Surreal, the dev house behind The Suffering horror games for Midway, hired former Cracked magazine editor Jay Pinkerton to bring this tongue-in-cheek take on the Vegas lifestyle to gamers. In the game’s story line, you get off the bus in Vegas with $50 in your pocket. You build up your rep through your new acquaintance Joey Nissan, a Vegas “entrepreneur” who introduces you to the “in crowd.” The nemesis of this game, fast food tycoon Preston Boyer, wants to rid Vegas of its night clubs and strip clubs and turn it into a family-friendly destination. It’s your objective to stop him from ruining The Strip. But how you go about doing it is completely up to you.
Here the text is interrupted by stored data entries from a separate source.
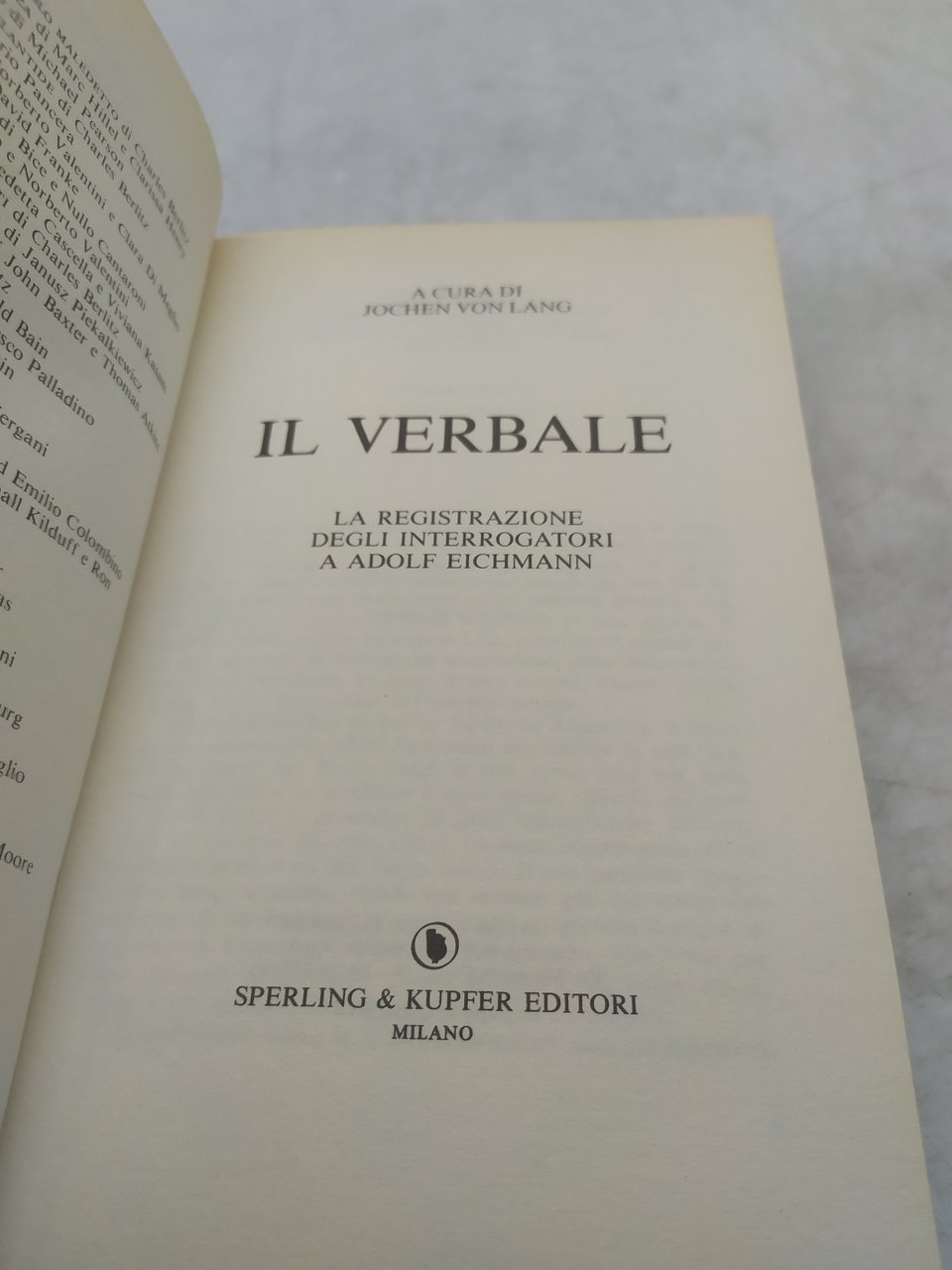il verbale la registrazione degli interrogatori a un imputato della storia adolf eichmann . , sperling & kupfer editori 1982 italiano, pp.334 ^^brossura
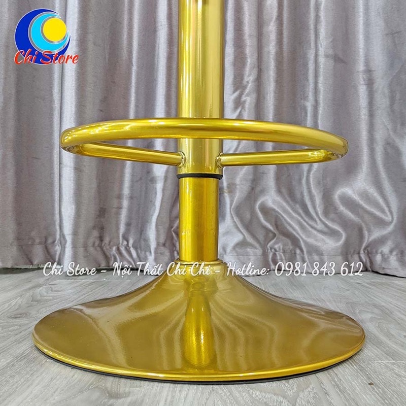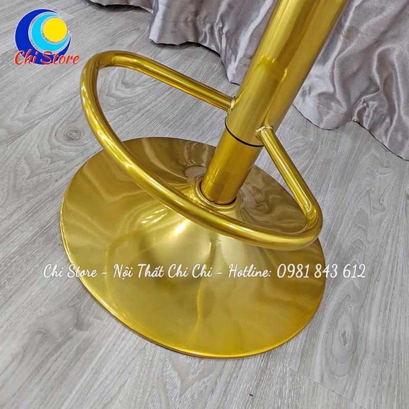 ⚜Chân của ghế make được làm bằng inox mạ vàng tĩnh điện 304 sáng bóng siêu sang và chắc chắn. Có cần gạt để điều chỉnh độ cao từ 60cm tới 80cm và xoay 360 độ.
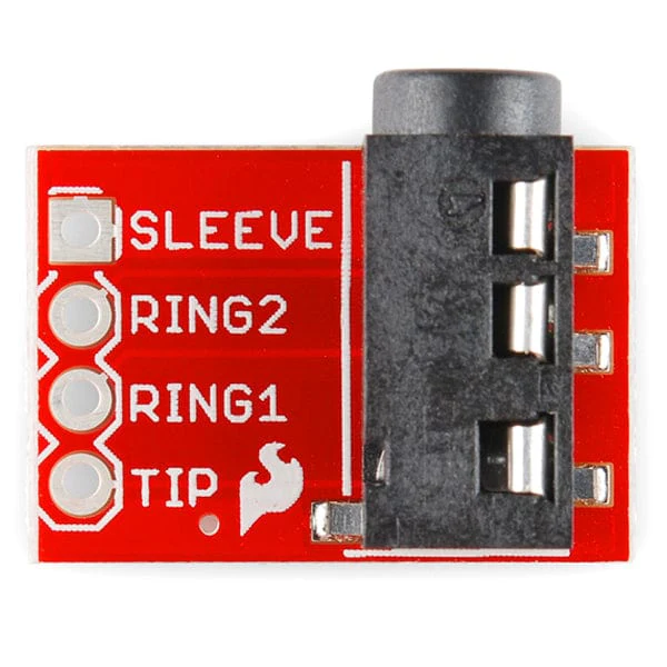 This breakout board makes it easy to add a TRRS jack to your prototype or project by breaking out each conductor to a standard 0.1" spaced header.
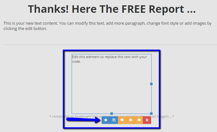 Click the box that says Edit this element to replace this text with your code. then click the gear to open up the Code Settings.
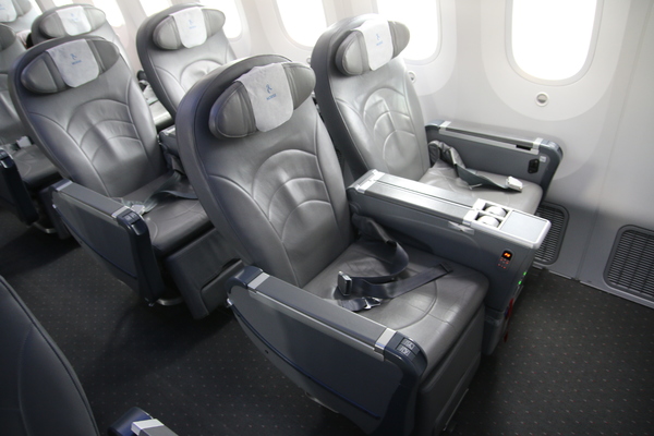 La configuration de la cabine économique est de 9 personnes de front en 3-3-3. Les sièges sont des sièges standards en cuir avec un espace entre deux rangs de 31 pouces (79 cm) et une largeur de siège de 17.2 pouces (44 cm). Chaque siège possède un système de divertissement en vol (IFE) fixé dans le repose-tête du siège de devant. Une prise USB est disponible pour brancher son appareil mobile.

The game’s open world set-up allows you to do pretty much anything that an M-rated game will allow—which still means this game will be more tame than your typical National Lampoon R-rated flick.
“Sex, we’re doing more in a tongue-in-cheek kind of way,” said Alan Patmore, executive producer of the game. “We allude to sex. We’re not about having gratuitous sex. Our tone is more humorous so we’ll do things like cut the camera away and you’ll hear the girl moaning and the player character will come out with a cigarette. That’s in a cutscene.” Cliffy B would be disappointed.
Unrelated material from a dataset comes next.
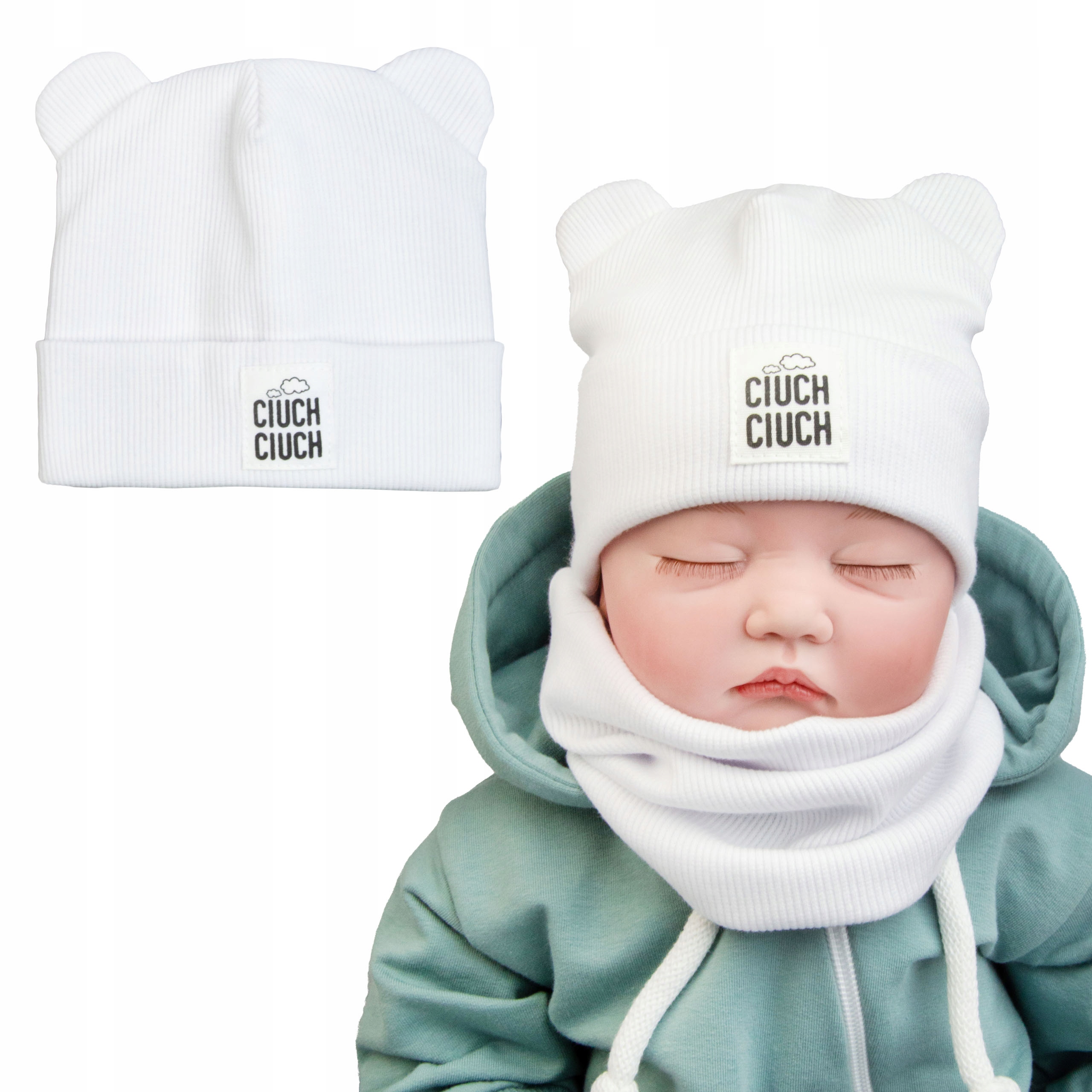 Абсолютний хіт цього сезону - біла шапка з подвійної рубчик, з вушками і латкою.
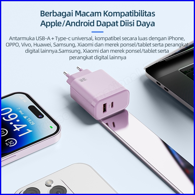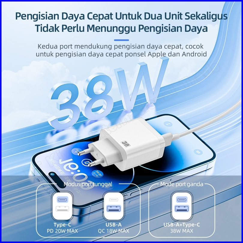 Kivee Charger Iphone Fast Charging 38w And Kabel Data Type C Lightning Micro Usb Set Quick 4.0

Mini games, referred to as “gigs” pop up all over Vegas. Tasks range from running wet t-shirt contests as a bartender to recruiting strippers for a dance club–the type of thing that Vegas is known for, or at least, stereotyped.
“Joey Nissan’s always has these hairbrained schemes,” explained Patmore. “He gets you involved in a Mexican wrestling fighting circuit. And then later on you’re involved in male stripping and you have to do specific dance moves in front of a cheering crowd of women and they’re throwing money at you.”
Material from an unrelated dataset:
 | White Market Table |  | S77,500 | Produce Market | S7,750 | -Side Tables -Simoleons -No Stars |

There is of course the prerequisite gambling. Play at high-stakes tables with $50,000 per hand limits. Those who want to sway the odds in their favor can cheat with gadgets like special glasses that see marked cards. Just watch out for the pit boss, because he’ll take you outside and kick your ass if you get caught.
The one aspect of Sin City this game doesn’t cover? It’s already too late. The place got turned into Disney Land around 20 years ago, only less fake breasts. More on Vegas when it hits shelves this winter.